Yes, it received a Best Picture nomination and (ugh) a screenplay nod, but the fawning media (who loved this flattery) and its Oscar buzz punditry made it seem as if The Post would be competing up-and-down the list with multiple nominations. The fact that it didn’t — including snubs of Spielberg, Hanks, and Streep! — was very heartening to see.
The Post was selling a bunch of fake news. Thankfully, Academy members didn’t buy it.
Available to rent through Amazon Video, iTunes, and most VOD platforms.
NOTABLE TRIVIA
- The time between final script approval and the film’s theatrical release was a brisk 9 months, an unheard of time frame for most any movie but especially a big studio Oscar contender.
- The screenplay was written by a first-timer, Liz Hannah. For her, having Spielberg direct it was like winning the lottery (because, essentially, it was). Even so, screenwriter Josh Singer was brought in to polish it up; he had recently won an Oscar for his script of the newspaper drama Spotlight. But the rush to production only gave him so much time (and, for my tastes, not nearly enough).
- Spielberg made The Post while he was waiting for Industrial Light & Magic to create close to 1,500 digital effect shots for Ready Player One, the 2018 film that Spielberg shot in its entirety before he made The Post from start-to-finish.
- This was Meryl Streep’s first on-camera collaboration with Steven Spielberg. She had previously performed the voice of The Blue Fairy in Spielberg’s 2001 sci-fi film A.I.: Artificial Intelligence.
- The Post focuses on the vital role played by The Washington Post in making the Pentagon Papers public, but it was The New York Times that was the sole recipient of 1972’s Pulitzer Prize for journalism, for its publication of the Pentagon Papers.
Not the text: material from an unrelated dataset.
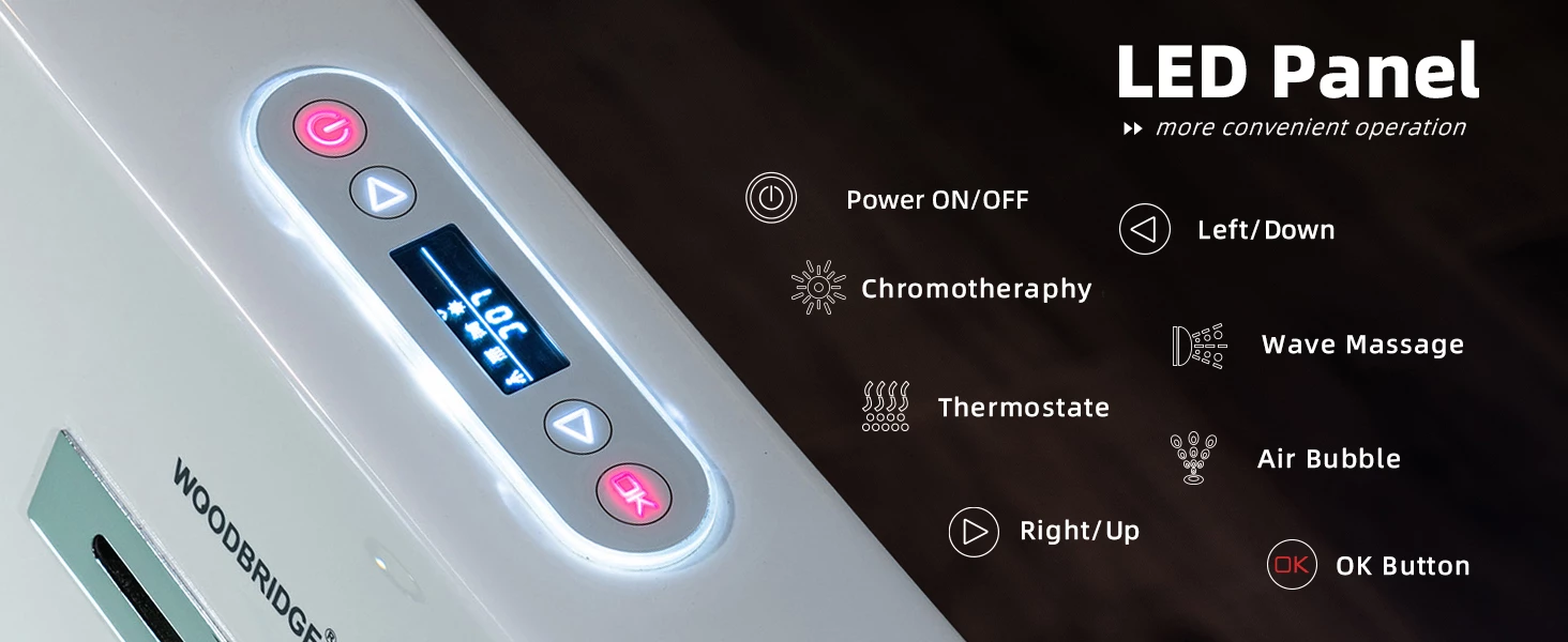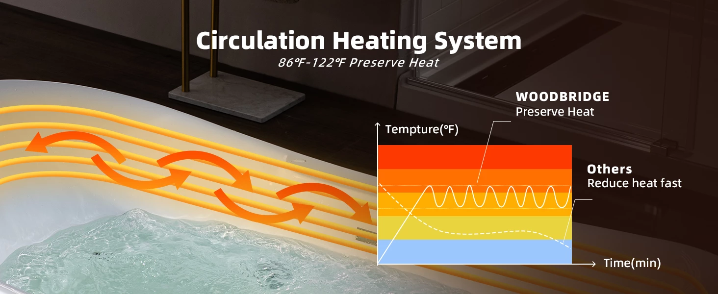โ [HEATED SOAKING TUB]: With Inline Heater. This bathtub allows for a longer soak without adding more hot water. Setting the water temperature on LED control panel. Enjoy a hot bath for the entire bathing experience .

- All audio of Richard Nixon’s phone conversations that are heard in the film are the actual recordings, not recreations.
- The Post ends almost exactly where All the President’s Men begins; that was the 1976 film about Washington Post reporters Bob Woodward and Carol Bernstein who broke the Watergate scandal wide open. The final shot was Spielberg’s way of making The Post a prequel to that classic political thriller.
- In the spirit of subtlety that defines Spielberg Oners, there’s one in a scene between Bradlee (Hanks) and Graham (Streep) about halfway through. They are discussing the JFK assassination and its aftermath. As Bradlee sits on the couch talking, a 53-second shot ever-so-slowly dollies toward him. It eventually stops with Bradlee framed in close-up.